Analyze the results of a completed experiment.
def analyze(
    self,
    current_result: ExperimentResult,
    state: ExperimentState,
) -> AnalysisResult:
    """Analyze the results of a completed experiment.

    Args:
        current_result: The experiment result to analyze.
        state: Current experiment state with history.

    Returns:
        AnalysisResult with comparisons and observations.
    """

Parameters

current_result
ExperimentResult
required
The experiment result to analyze, containing:
  • experiment_name (str): Name of the experiment
  • iteration (int): Iteration number
  • model_type (str): Model class used
  • metrics (dict): Dictionary of metric names to values
  • hypothesis (str): Hypothesis being tested
  • success (bool): Whether experiment completed successfully
  • error_message (Optional[str]): Error details if failed
state
ExperimentState
required
Current experiment state containing:
  • experiments (list[ExperimentResult]): Historical results
  • config (Config): Configuration including primary metric
  • best_metric (Optional[float]): Best metric value so far
  • best_experiment (Optional[str]): Name of best experiment

Returns

AnalysisResult
AnalysisResult
Analysis result containing:
  • experiment_name (str): Name of analyzed experiment
  • iteration (int): Iteration number
  • success (bool): Whether experiment succeeded
  • primary_metric (Optional[MetricComparison]): Detailed metric comparison
  • trend_pattern (TrendPattern): Detected performance trend
  • key_observations (list[str]): Actionable insights (3-5 bullet points)
  • reasoning (str): Detailed explanation of the analysis

get_analysis_count

Get the number of analyses performed.
def get_analysis_count(self) -> int:
    """Get the number of analyses performed."""

Returns

count
int
Total number of experiment results analyzed by this instance.

Data Structures

MetricComparison

Detailed comparison of the current metric value against historical benchmarks.
@dataclass
class MetricComparison:
    metric_name: str
    current_value: float
    baseline_value: Optional[float]
    best_value: Optional[float]
    previous_value: Optional[float]
    change_from_baseline_pct: Optional[float]
    change_from_best_pct: Optional[float]
    change_from_previous_pct: Optional[float]
    is_improvement: bool
    is_new_best: bool
Fields:
metric_name
str
Name of the primary metric being compared (e.g., “rmse”, “f1”).
current_value
float
Current experiment’s metric value.
baseline_value
Optional[float]
Baseline metric value (typically from iteration 0).
best_value
Optional[float]
Best metric value achieved so far across all experiments.
previous_value
Optional[float]
Metric value from the previous iteration.
change_from_baseline_pct
Optional[float]
Percentage change from baseline. Positive indicates improvement (accounting for metric direction).
change_from_best_pct
Optional[float]
Percentage change from best. Positive indicates improvement over current best.
change_from_previous_pct
Optional[float]
Percentage change from previous iteration.

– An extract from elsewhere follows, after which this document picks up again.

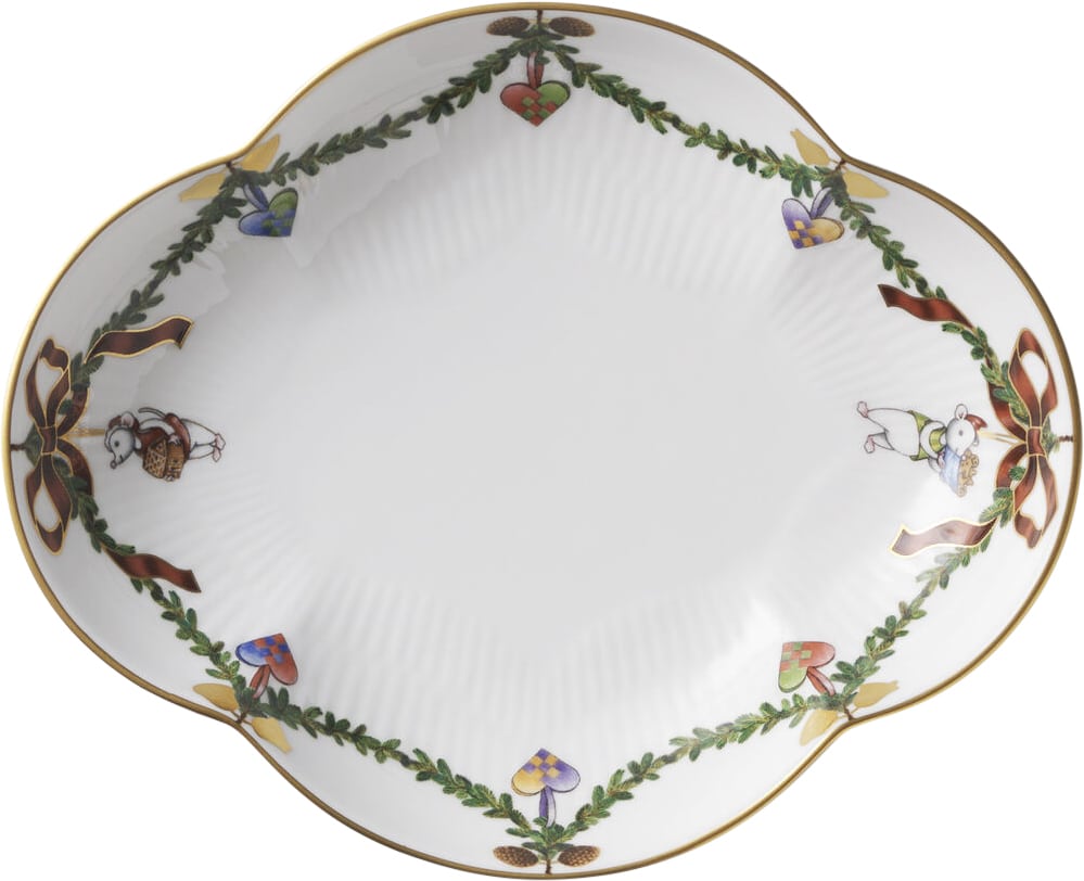 Det mindre fad i Stjerne Riflet Jul er skræddersyet til juletidens søde serveringer. Som enhver steldel i Stjerne Riflet Jul er fadet udsmykket med sit eget udvalg af julepynt med flettede julehjerter og småkager formet som mus.

Positive indicates improvement.
is_improvement
bool
Whether current result represents an improvement over best (considering improvement threshold).
is_new_best
bool
Whether current result is the new best result.

TrendPattern

Enum representing detected performance trends across recent iterations.
class TrendPattern(Enum):
    INITIAL = "initial"          # Fewer than 3 experiments
    IMPROVING = "improving"      # Consistent improvement over 2+ iterations
    DEGRADING = "degrading"      # Consistent degradation over 2+ iterations
    PLATEAU = "plateau"          # Less than 0.5% change for 2+ iterations
    FLUCTUATING = "fluctuating"  # Alternating improvement/degradation

Metric Direction Handling

The analyzer correctly handles metrics where different directions indicate improvement:

Lower is Better

  • RMSE, MSE, MAE, log_loss, error

Higher is Better

  • accuracy, f1, r2, precision, recall, AUC
Percentage changes are always calculated so that positive values indicate improvement, regardless of metric direction.

System Prompt

The analyzer uses a comprehensive system prompt that guides Gemini to:
  • Compare results against baseline, best, and previous experiments
  • Identify meaningful improvements versus noise
  • Detect patterns across iterations
  • Consider both primary and secondary metrics
  • Note anomalies or unexpected results
  • Provide observations that inform next experiment design

Usage Examples

Basic Analysis

from src.cognitive.gemini_client import GeminiClient
from src.cognitive.results_analyzer import ResultsAnalyzer

# Initialize
client = GeminiClient()
analyzer = ResultsAnalyzer(gemini_client=client)

# Analyze latest result
analysis = analyzer.analyze(
    current_result=latest_result,
    state=experiment_state
)

print(f"Success: {analysis.success}")
print(f"Trend: {analysis.trend_pattern.value}")
print(f"\nKey Observations:")
for obs in analysis.key_observations:
    print(f"  - {obs}")

Detailed Metric Comparison

analysis = analyzer.analyze(current_result, state)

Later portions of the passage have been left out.